Secretary of State Thomas A. Mathis left to join a party of New Jersey officials, including Governor Moore, who would be present at the inauguration of President Franklin Delano Roosevelt in Washington, D.C. on Saturday, March 4th... Section Fire Warden Erwin J. Clement, based out of Ridgway, Lakehurst and covering the boroughs of Beachwood, L akehurst, Pine Beach, Ocean Gate, South Toms River, Berkeley, southern Dover Township and northeast Manchester Township, asked the township committee for the use of out of work men to create fire lines, or breaks, in the wooded sections of the township if relief funds were approved by the state... Franklin H. Berry, a local young lawyer and first lieutenant in the infantry reserve, reported that any local young men between the ages of 17 and 24 interested in enrolling in the Citizens' Military Training Camps for the summer would be provided food, lodging, uniform, equipment and railroad fare to and from Toms River to attend... the township began cutting fire lines in the Cedar Grove section of town, with Wesley Clayton, district warden, overseeing the work performed by men from the relief list... the Toms River Public Library reported continuing increases in patronage as a direct result of the Great Depression, writing that it, “like all other libraries that supply books free, finds that its services are all the while extending.

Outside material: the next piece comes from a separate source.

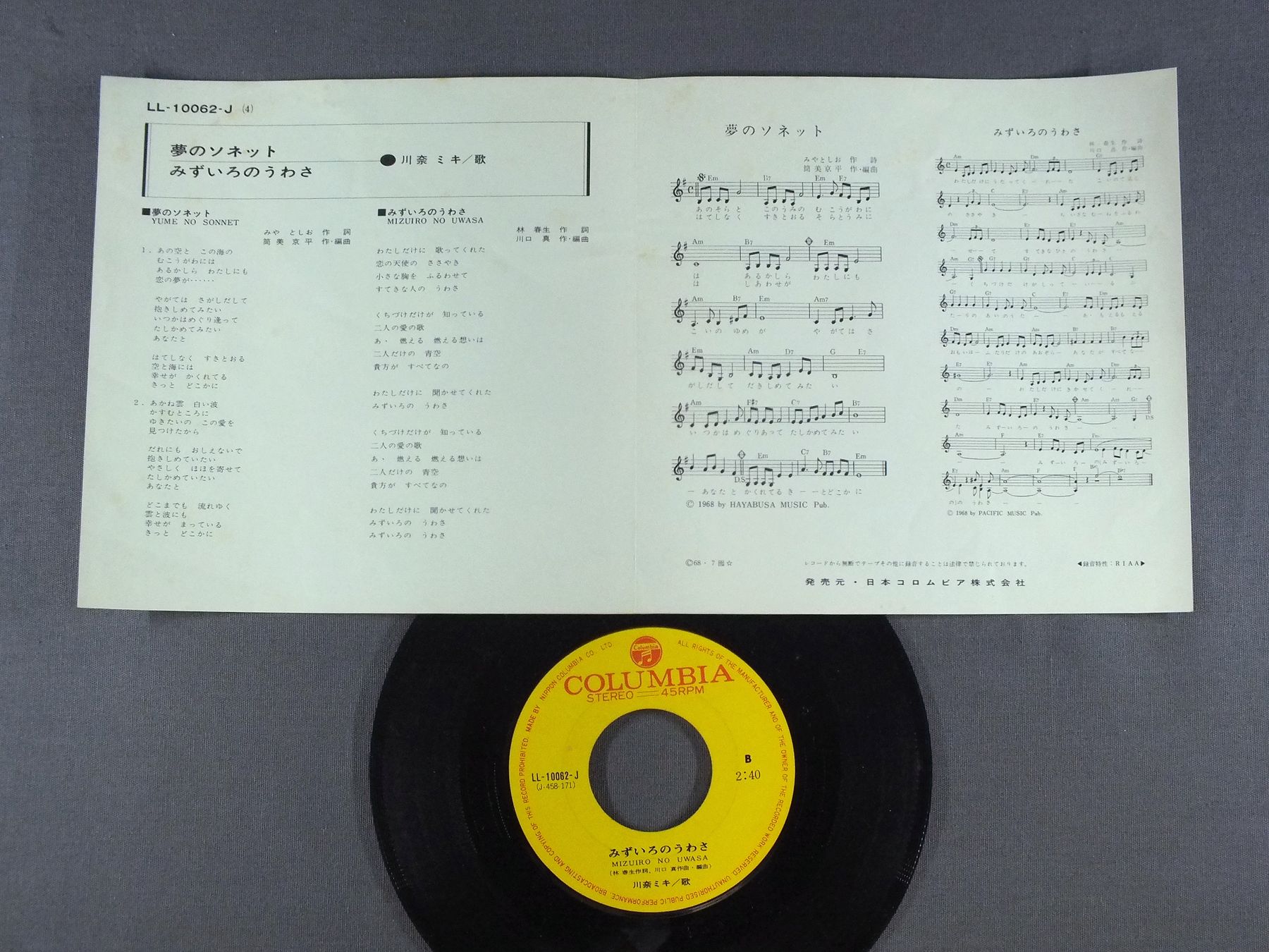 MIKI KANAWA川奈ミキ/YUME NO SONNET夢のソネット LL10062 製造国:日本盤 / Media:7inch外観:EX盤の状態:EX 価格(税込):¥1,320 送料 7inch:定形外郵便 360円~LP:定形外郵便 660円~送料は、注文の最終画面で確認頂けます。 > > MIKI KANAWA/YUME NO SONNET 外観 (EX)特記事項:見開きやジャケ表面にシミ有り。外観EXの共通説明:ダメージが限定的。中古品としては保存状態がよい方。シミ、ヨゴレ、スレ 少し~軽度。 盤の状態 (EX)特記事項:薄いスレやスリキズ多少有り。軽微な感じです。盤EXの共通説明:盤面のスリキズが薄いものが少し~軽度 音に出そうなものは無いように見える(軽微なソフトティック音は除く)。 Tweet それぞれの画像をクリックすると、大きい写真が見られます こちらの商品もお勧めです 770円 KAKIZAKI OPEN THE ROAD神埼・オン・ザ・ロード / OPEN MY ROAD 1,650円 YOSHIKO SAGA嵯峨美子 / ANATANIあなたに 1,210円 MIYUKI NAKAJIMA中島みゆき / OKAERINASAIおかえりなさい 660円 KENICHI HAGIWARA萩原健一 / NADJAナジャ 770円 YOSHITAROU KANAZAKI加奈崎芳太郎 (古井戸) / AIGA MOSHI SUBETENARA愛がもしすべてなら 1,210円 NUMBER ONE BANDザ・ナンバーワン・バンド / TOKYO ATARI東京あたり 1,210円 TAKURO YOSHIDAよしだたくろう / ON STAGEオン・ステージ - ともだち 770円 TAKURO YOSHIDA吉田拓郎 / SHANGRI-LAシャングリ・ラ

With lots of time on their hands, men and women out of jobs find that cheap amusements and pasttimes are necessary. Unable to spend money on these pleasures, they use the library more and more...” the road from Hooper Avenue to Silver Bay, then known as the Dan Polhemus Road, in Silverton, was to be oiled sometime in March to keep the dust down in the coming warm seasons... Ocean County Relief Director Mrs. Alice Fielder reported that since the turn of the new year approximately 20 woolen boys' suits and seven separate shirts and pants were made and distributed to needy children of the unemployed. The clothes were made from discarded garments donated to county relief, and sewing done in the county building at the corner of Washington Street and Hooper Avenue by local women also receiving aid from the county plus Toms River High School girls from the home economics department. Mrs. Fielder also reported a shortage of material for boys shirts.